Exercise aim >> The output is the line containing "15일 리진허가 운영하는" plus every later line down to the end of the listing below, copied exactly. No pictures belong in it.
··· Material provided
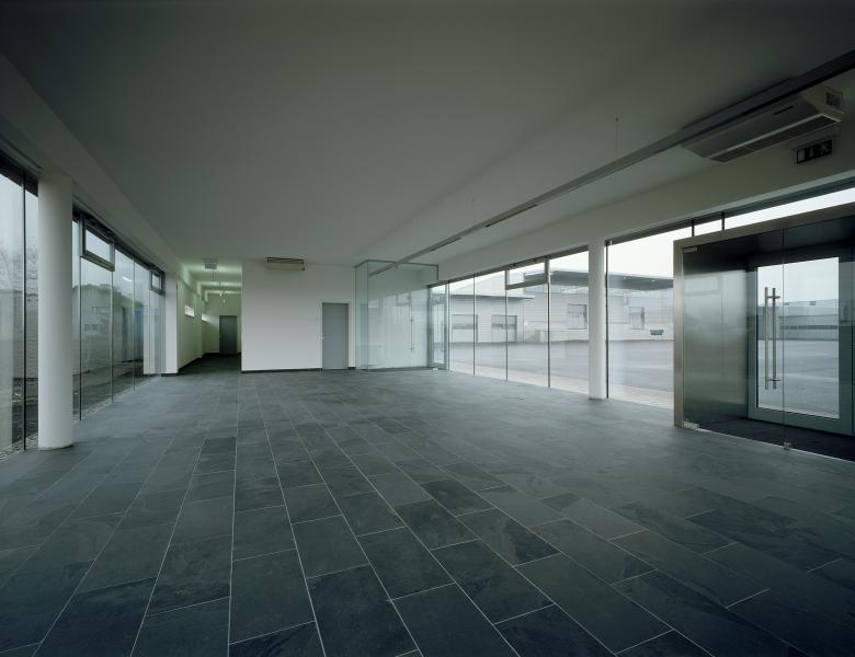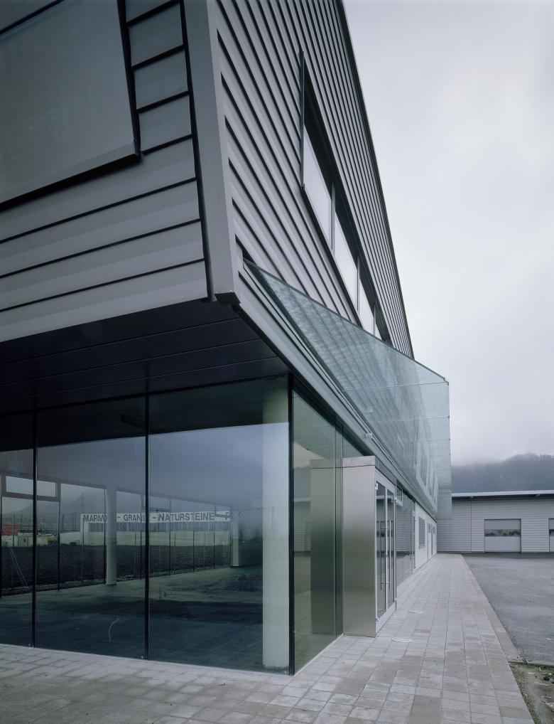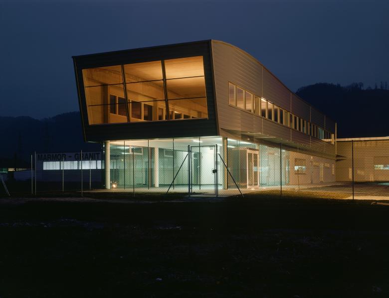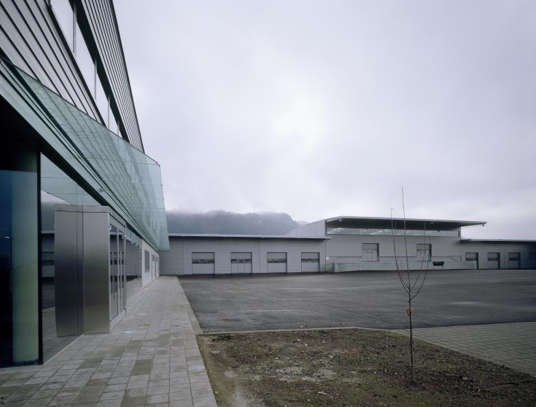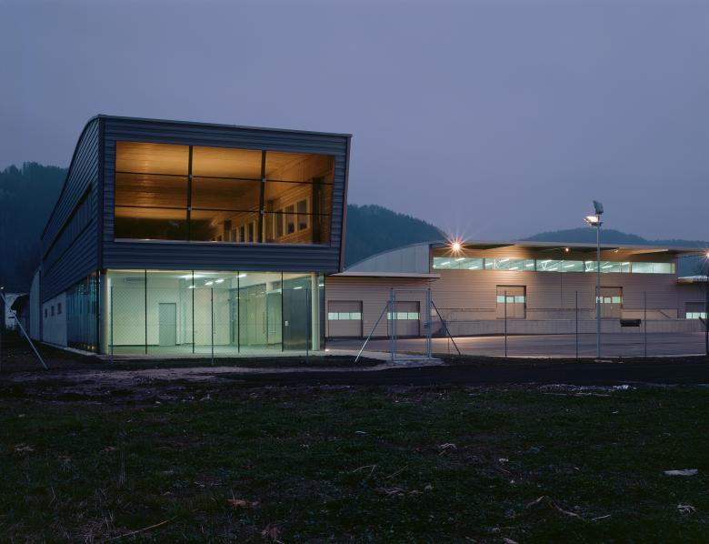 Das zentrale Verwaltungsbüro ist vollflächig verglast und steht in einem Dialog mit der Umwelt, es befindet sich als autonomes Kopfgebäude am Rand der der Betriebsanlage.
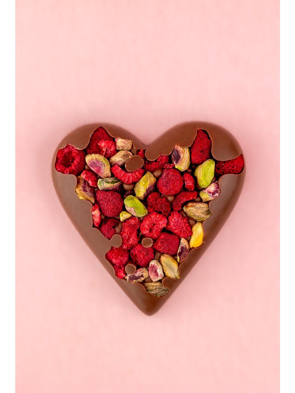 1 ks MAXI pralinka – mliečna čokoláda s malinami a pistáciami
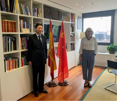 2020年9月17日,驻西班牙大使吴海涛应约会见西班牙官方通讯社埃菲社新任社长卡尼亚斯,鼓励埃菲社继续充分客观报道中国,为深化两国人民相互了解、密切双边关系架设起沟通的桥梁。
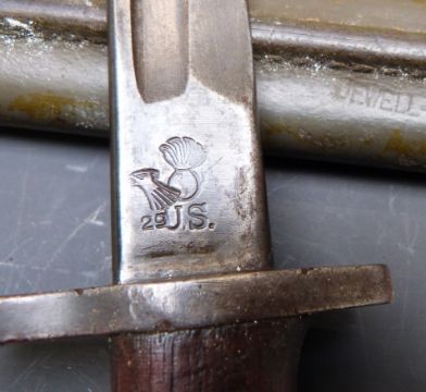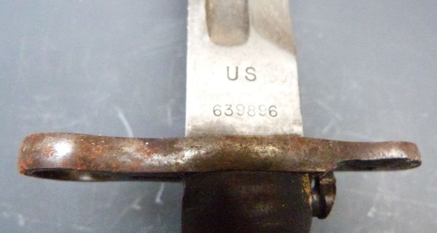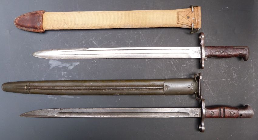 American Army M1905 bayonet with good stamp to 40cm blade, with scabbard and canvas outer cover, together with a M1917 example with good stamps and scabbard
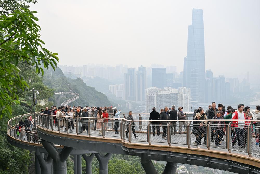 15일 리진허가 운영하는 길거리 커피숍이 자리한 솽훙(雙虹)교 일대를 드론에 담았다. (사진/신화통신)
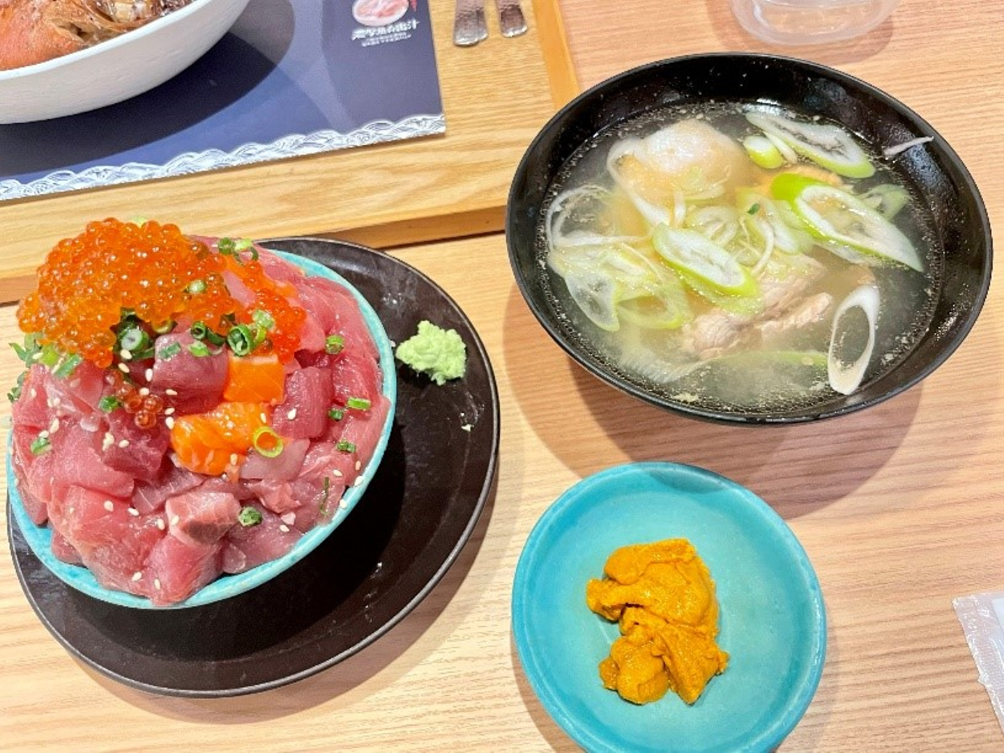 一緒に熱海を観光したグループのメンバーはうにと魚のあら汁を注文していました。
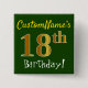 Green, Faux Gold 18th Birthday, With Custom Name Button
······
Written answer >>
 15일 리진허가 운영하는 길거리 커피숍이 자리한 솽훙(雙虹)교 일대를 드론에 담았다. (사진/신화통신)
 一緒に熱海を観光したグループのメンバーはうにと魚のあら汁を注文していました。
 Green, Faux Gold 18th Birthday, With Custom Name Button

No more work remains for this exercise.